Scoring that you are describing is similar to the scoring used for a Marked 3D like the Redding (Western Trail) tournament out in CA which is also the NFAA Marked 3D championship. The Redding tournament, and several similar events held out on the west coast, has an orange dot inside a circle drawn on the 3D targets (made by the Critter Factory). Scoring goes 11 for the orange dot, 10 for inside the circle but not in the dot and then 8 for the rest of the animal. 2 arrows/target, possible 22 per target. Number of targets can vary, Redding for example shoots 70 targets spread out over a 3-day tournament. 

I have seen local marked 3D events use a similar scoring format translated onto McKenzie or Rhinehart targets where they score the "traditional" 11 or 12-ring in the middle of the 3D kill as the 11, then 10 for the rest of the 3D scoring area out to the vitals (normally encompasses the 3D 10 and 8-ring values) and 8 for the rest of the body (3D = 5). Sounds like this is what your local club may have set up for their marked 3D. Loosely follows NFAA marked 3D scoring rules, but sounds like an aiming dot (11-ring) was not provided.

>>------>


----------



## kjwhfsd (Sep 10, 2005)

You shot a safari on 3D animals.


----------



## bigtruckerd (Apr 7, 2006)

Does anyone know what scoring system was used for the Unmarked 3-d Nationals in Yankton this past weekend? How many animals each day also?


----------



## kjwhfsd (Sep 10, 2005)

not sure but from looking at the scores I would say 35 targets each day for 2 days. Scoring 10 8 5


----------



## bigtruckerd (Apr 7, 2006)

I know it could not have been 35 targets 10-8-5-0 by looking at the scores in my division I know those top guys didnt drop 50 points 1 day then only a few less then that the next.

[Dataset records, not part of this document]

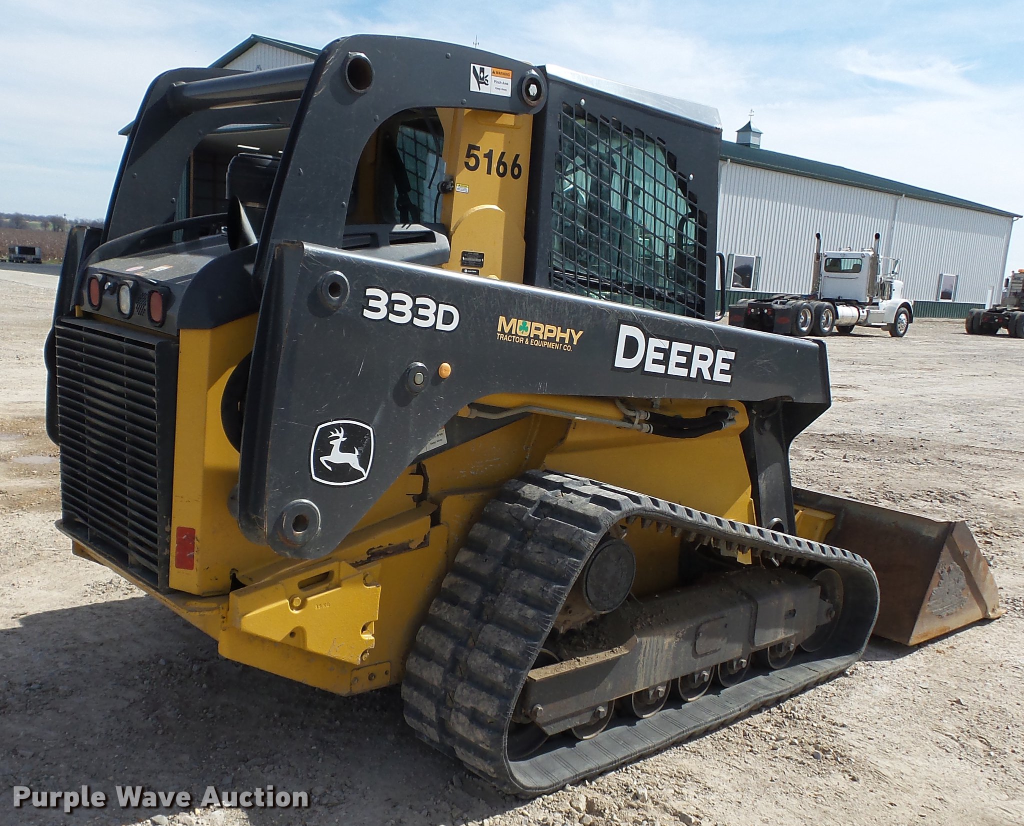 Purple Wave is selling a used Tracked Skid Steer Loader in Missouri. This item is a 2013 John Deere 333D skid steer with the following: 2,805 hours on meter, John Deere E5030HT 183.1 C.I.D. five cylinder diesel engine, 95.4 gross HP, 89 net HP, Two speed hydrostatic transmission, Enclosed cab, AC and heat, AM/FM, Joystick controls, Suspension seat, Front work lights, Wipers, Backup alarm, Block heater, Auxiliary hydraulics, Auxiliary electrical outlet, Hydraulic quick coupler, 84"W bucket, Weld-on cutting edge, Bolt-on teeth, (2) couterweights, 18"W tracks, Serial 1T0333DMECD236432, Unit# 5166
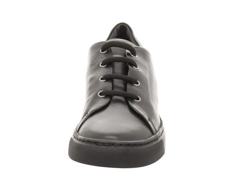 Modischer Sneaker aus besonders weichem Leder in der Farbe schwarz, Lederfutter, mit Lederüberzogenem und herausnehmbarem Fußbett -geeignet für lose Einlagen, weiche Gummisohle.
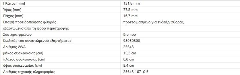 ΔΙΣΚΟΦΡΕΝΑ ΕΜΠΡΟΣ AUDI A6 2015- A7 2015- Q5 2014- PORSCHE MACAN 2015-Παραλήπτης :
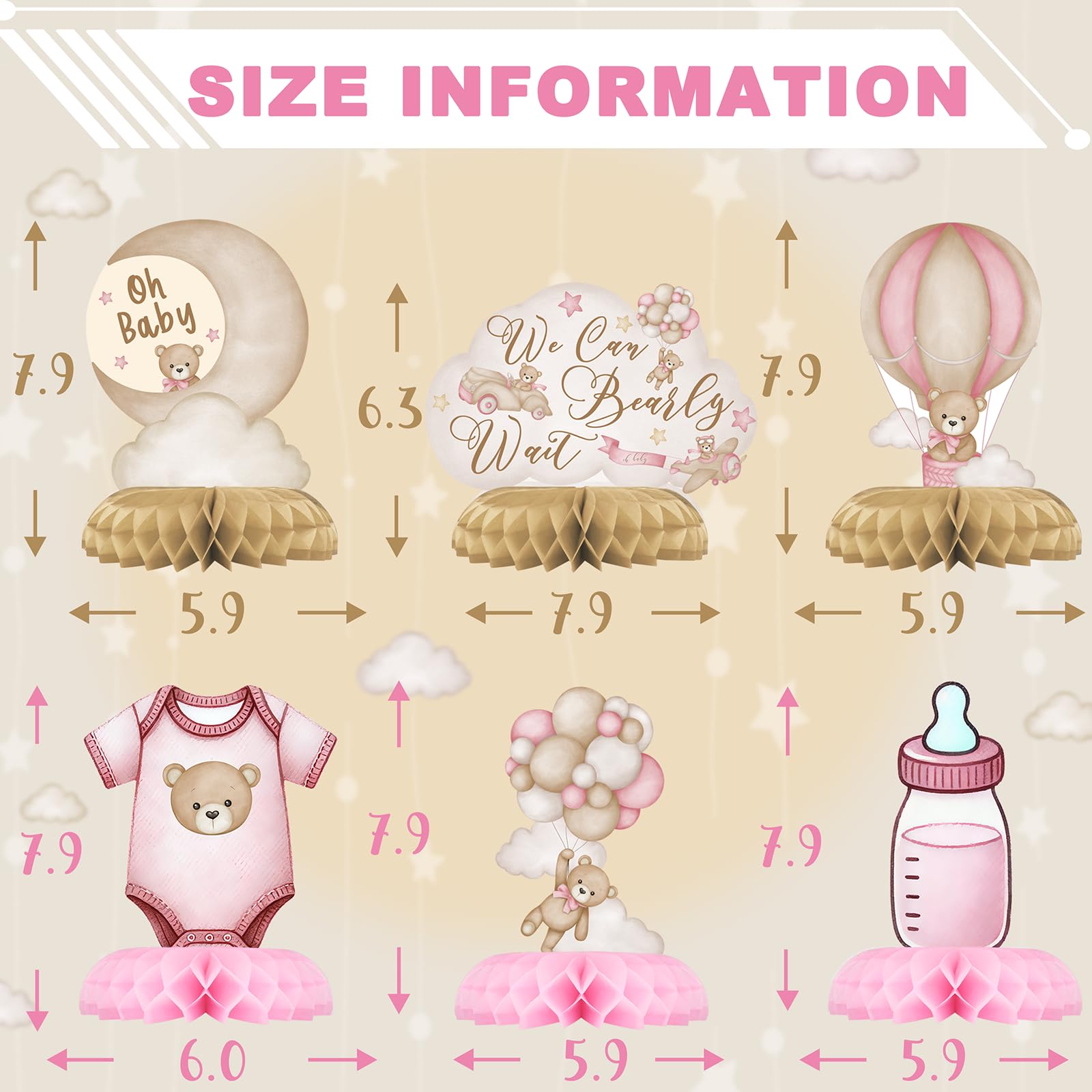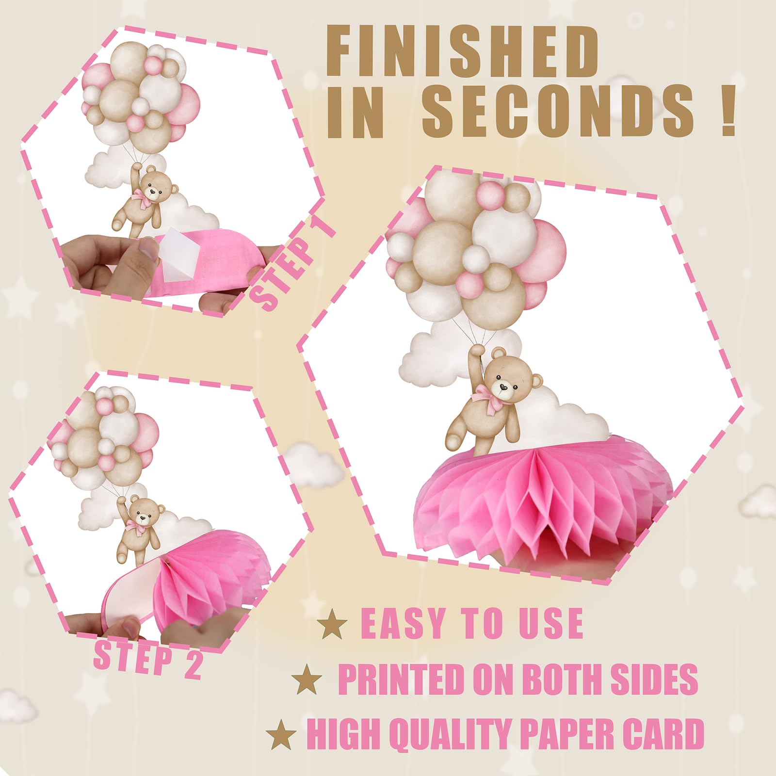 EASY TO ASSEMBLE: Set up your party in minutes with these simple-to-use pink teddy bear table toppers. Just attach the honeycomb to the card, fold out the feet of the little bears, and place them in your chosen display area. Decorating your party has never been easier or quicker!
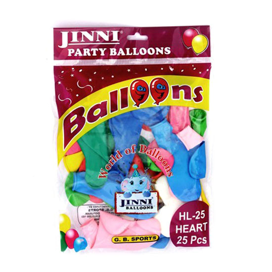 This is a bag of 25 party balloons coming in attractive colors. The balloons come in a heart shape for a lovable look. They are long lasting and do not break easily.
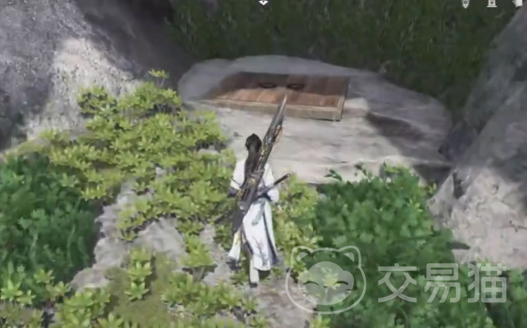 跳下后发现武侠小说中说的都是真的,果然跳下悬崖都不会死,这里也是跳下后直接掉在崖边一个突出的部分。然后往回走,可以看到中间一部分陷入山崖之内,地面石头上似乎还盖着一块木板,去查看一下吧。
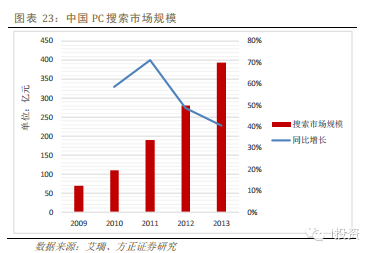 PC互联网的搜索形态主要是以信息搜索为主,市场格局百度一家独大,2013年搜索市场规模达到394.5亿。
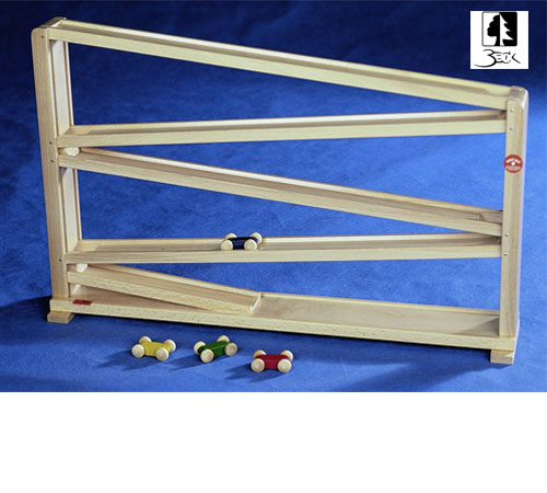 Eine sehr schöne, große, stabile, naturlackierte, Laufbahn aus Buchenholz von Beck-Holzspielzeug. Zu dieser Bahn gehören 4 bunte Autos, die in der Spur hinabsausen.
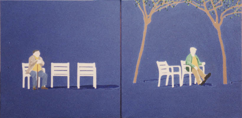 2 old men in a park in Barcelona (diptych), 1998 acrylic on canvas 12" / 24" (300 / 600mm) Private collection of Lidia Peyret-Castro
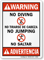 Common messages include "no diving" / "no clavarse," "no lifeguard on duty" / "no hay salva vidas presente" and "pool rules" / "reglas de la piscina." you can also find signs specifically in spanish.
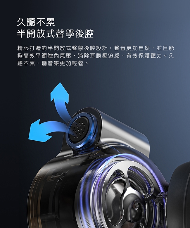 半開放式後腔設計,高效平衡腔內氣壓,讓聲音更自然。
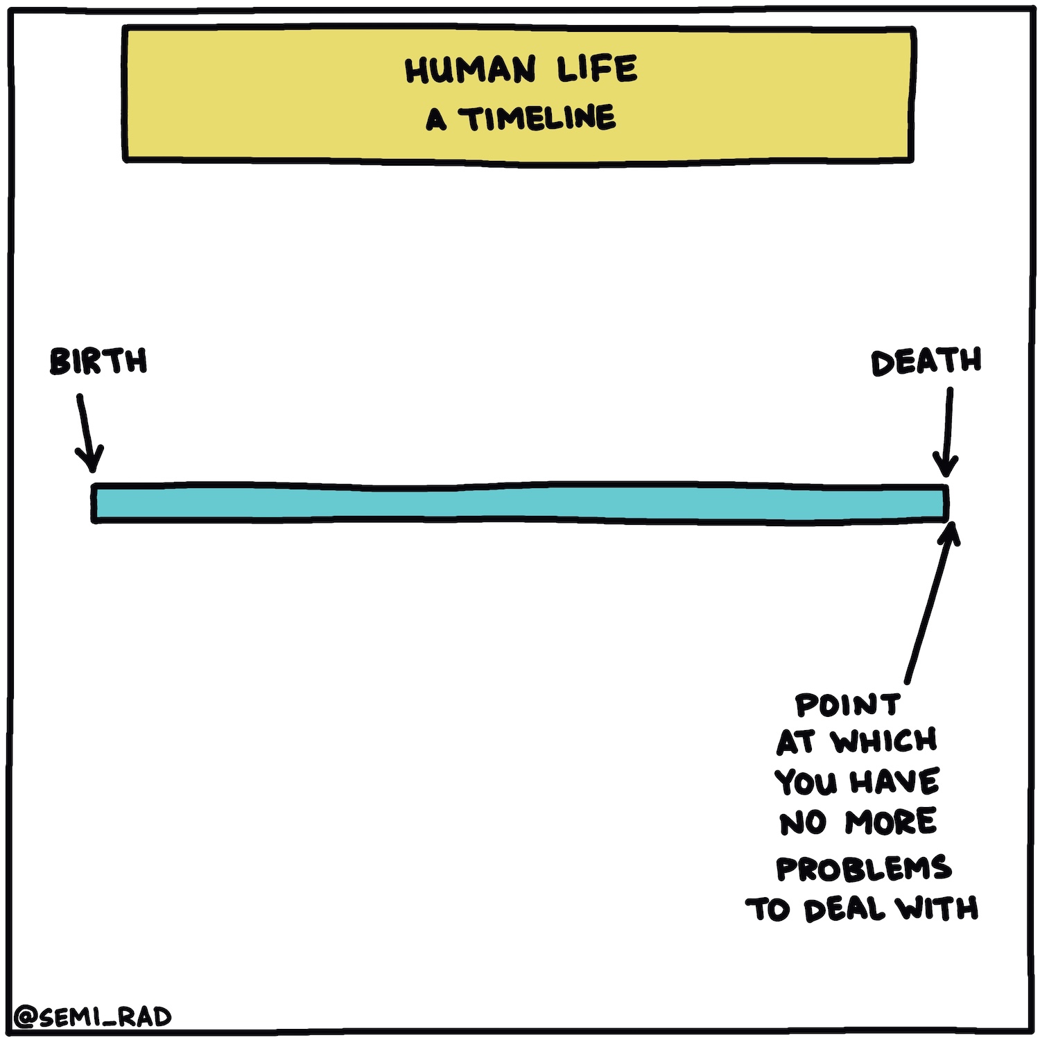 “The author and podcast host Sam Harris recalls being at lunch with a friend, moaning on about the various problems he was confronting in his work, when she interrupted him mid-flow. ‘Were you really expecting to have no more problems at some point in your life?’ she asked.” (page 76)

They shoot to well for that.

I would be cool to know the format if anyone on here shot it.


----------



## 60Xbulldog60X (Mar 12, 2005)

They used center 12's, 10, 8, 5, scoring and I'm pretty sure they shot 30 targets each day. The first day was very windy. 35-40 mph sustained winds with gusts in the 50's. The Classic was no piece of cake either.


----------



## ArcheryNut2006 (Dec 5, 2006)

60Xbulldog60X said:


> They used center 12's, 10, 8, 5, scoring and I'm pretty sure they shot 30 targets each day. The first day was very windy. 35-40 mph sustained winds with gusts in the 50's. The Classic was no piece of cake either.


That is correct, center 12, 10, 8, 5, 0 and 30 targets each day. Yes on the wind on Saturday!!!!!!


----------



## bigtruckerd (Apr 7, 2006)

Great, Thanks guys!


----------



## hunter111 (Mar 5, 2003)

60Xbulldog60X said:


> They used center 12's, 10, 8, 5, scoring and I'm pretty sure they shot 30 targets each day. The first day was very windy. 35-40 mph sustained winds with gusts in the 50's. The Classic was no piece of cake either.


That was no wind.... It was a darn tornado/huricane...


----------